In September 1993, Kelly disappeared after completing a trio of canvases that would be the centerpiece for Daedalia’s New York City debut at the Wider Still gallery in SoHo the following month.
When Lefty showed up at her place on a Thursday, Kelly was not home. Two days earlier, they’d had another in a long series of arguments about the future of Daedalia. The three canvases were arranged along the wall opposite the front door. Lefty saw them the moment he stepped inside, his hand still on the key.
He gazed into them from where he stood, frozen in the doorway, on the threshold between his best-laid plans and the reality that couldn’t be bent to them. The boundary between the trio of canvases and the room that contained them dissolved. His nose filled with the scent of old timbers baking in the sun, and the acrid tang of coal soot rose in his throat. He was standing in the open, the air ionized by the tumbling rush of whitewater far below.
The experience transcended his visual perception. It was as if the images slipped straight through the ocular nerve, bypassing the silent, unreliable interpreter in his brain that made sense of light, and descended deep into the soft center of him, where they manifested into a hollow foreboding sensation he had all but forgotten from his teenage years. His eyes pricked with tears. He swallowed and took two steps closer. When he did, the canvases emerged again, filled edge to edge with the meticulous result of Kelly’s labor. He felt the floor beneath him again and the stifling stillness of the empty house.

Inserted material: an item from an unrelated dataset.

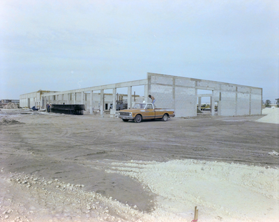 Gandy, George Skip IV, "Concrete Base of Garage during Construction, Ferman Chevrolet" (1977). Gandy Photographs - Streets, Buildings, and Construction. Image 2930.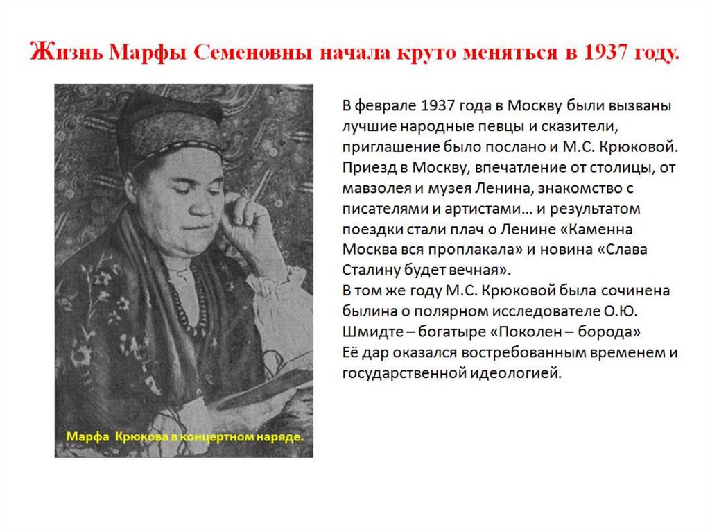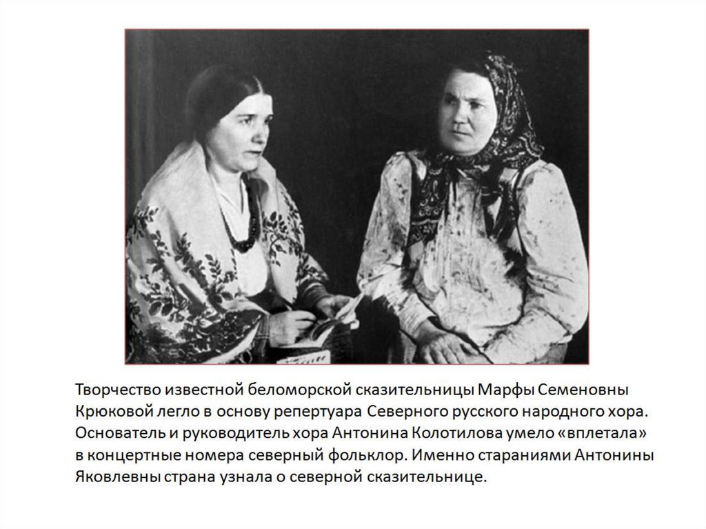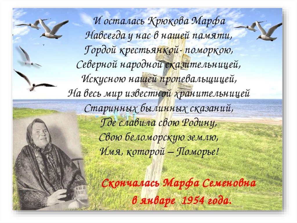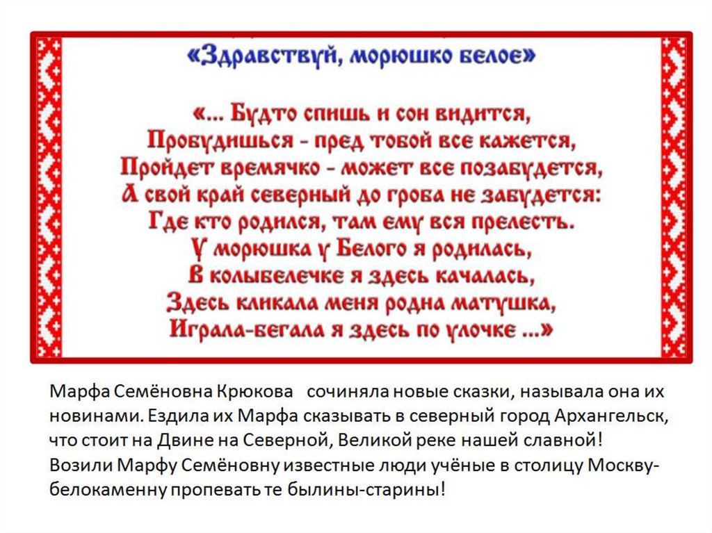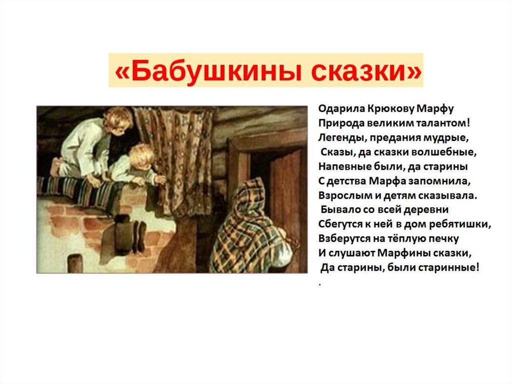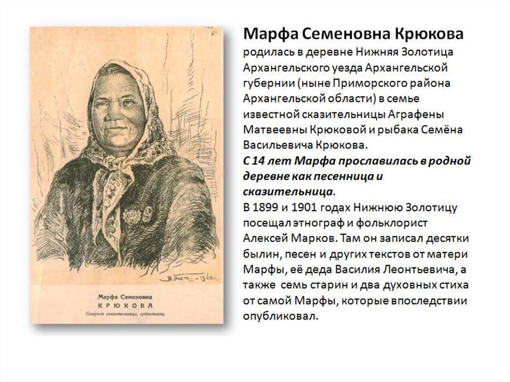 Все земляки Марфы Крюковой уважали её да гордилисьеё искусным умением рассказывать сказки чудные,

He turned away from the canvases to survey the room. Even before he saw the note on her desk, he knew she was really gone. Dust particles swirled in the shaft of sunlight that beamed down on her desk where he found the note and one of her favorite pens. He sat heavily in her chair and picked up the page torn from one of her notebooks.
Dear Lefty,
I’m sorry, but I can’t do this anymore. The other night you didn’t seem to hear me at all. I know you don’t understand. The work takes something out of me. It’s not like I have a bottomless well. I know you think this thing is just getting started, but it got away from me and I can’t do it anymore. I’m grateful to you for all your help and mostly for believing in me, but I need some time to figure out who I am. I’m sorry.
Kelly
I can only imagine what Lefty felt after reading that note. He was probably angry, but then he would have been disappointed in himself for being angry. Mostly, I think he was worried, and that worry would plague him for the year and a half it would take for him to hear from her again.
He looked in her bedroom and saw that her closet was empty. The chest of drawers was empty. All of her art supplies remained. He wondered if she had even bothered to take one of her favorite sketchpads, or a couple of pens, but he doubted it. He had pushed her too hard and understood too late that he had done to her what his father had done to him every day of his childhood after it was discovered that Lefty had a powerful arm and a level of control that far exceeded his gangly twelve-year-old body.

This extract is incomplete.